Di Jepang, siswa SD dan SMP lebih diarahkan untuk belajar berteman baik dan bekerja sama, bukan bersaing. Itulah mengapa Jepang menjadi maju, karena salah satunya akibat nilai-nilai tersebut ditanamkan sejak dini. Di samping itu, Dinas Pendidikan Kota/Kabupaten mengharuskan siswa untuk bersekolah di sekolah yang berada di dekat rumahnya. Siswa SDSMP wajib berjalan kaki ke sekolah dan tidak boleh diantar jemput orangtua. Orangtua dapat memanfaatkan waktunya untuk hal-hal produktif lainnya.

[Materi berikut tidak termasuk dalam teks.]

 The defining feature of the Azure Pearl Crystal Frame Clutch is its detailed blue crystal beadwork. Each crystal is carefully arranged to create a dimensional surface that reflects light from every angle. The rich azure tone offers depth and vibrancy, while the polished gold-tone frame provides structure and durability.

Kemacetan lalu lintas juga tidak terjadi. Saat berangkat ke sekolah, siswa-siswa yang berada dalam zonasi yang sama diatur Parent Teacher Association (PTA). Satu zonasi memiliki beberapa tempat berkumpul siswa. Dari sini siswa akan berjalan bersama-sama menuju sekolah dengan dipimpin ketua regu. Dalam hal ini, siswa dilatih mengasah karakter mematuhi aturan berlalu lintas selama perjalanan, bertanggung jawab dan memimpin. Pada perempatan yang padat lalu lintas, petugas piket PTA berjaga untuk membantu siswa menyeberang jalan. Berangkat bersama-sama diyakini mampu melatih kepedulian siswa, baik terhadap teman maupun lingkungan yang dilalui. Berkat perkenalan ini dan juga jarak rumah yang berdekatan, biasanya sesudah sekolah siswa akan bermain di rumah teman-temannya. Bukan lagi jago rumah atau teman dunia maya.

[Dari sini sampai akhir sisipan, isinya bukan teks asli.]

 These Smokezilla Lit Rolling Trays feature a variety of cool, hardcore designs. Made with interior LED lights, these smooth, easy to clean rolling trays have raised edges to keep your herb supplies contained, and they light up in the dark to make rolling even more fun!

SD-SMP di Jepang mewajibkan siswa untuk mengenal lingkungan di sekitar sekolah melalui machi tanken (learning by exploring). Mulai lingkungan sekolah, objek penting di sekitar sekolah seperti pasar, kantor pemerintahan, tempat wisata, tempat ibadah, pusat pengolahan sampah dan lainnya.
Tempat tinggal siswa yang berdekatan juga memudahkan guru mendatangi orangtua siswa pada awal tahun ajaran. Saat itu guru kelas harus mengenal setiap siswa, orangtua dan kondisi rumah dan lingkungannya. Orangtua yang tinggal berdekatan juga didorong membentuk PTA. PTA bisa menyelenggarakan gerakan peduli lingkungan, pengelolaan sampah, bazar, class meeting (undokai), seminar/workshop tentang tema apa pun yang bermanfaat bagi siswa, orangtua dan guru. Selain mengurangi rasa bosan, hal ini akan menambah semangat belajar siswa.
Tantangan ‘Rolling’ Selama ini rolling guru dan kepala sekolah di Indonesia telah berjalan demi pemerataan mutu pendidikan. Demikian pula di Jepang, dimana rolling dilakukan minimal 2 tahun sekali. Bagi kepala sekolah 3 tahun sekali. Banyak tantangan bagi guru dan kepala sekolah karena harus berpindah-pindah selama masa kerjanya dan kembali beradaptasi. Faktor jarak dan sudah berada di zona nyaman biasanya menjadi alasan bagi guru untuk ogah pindah.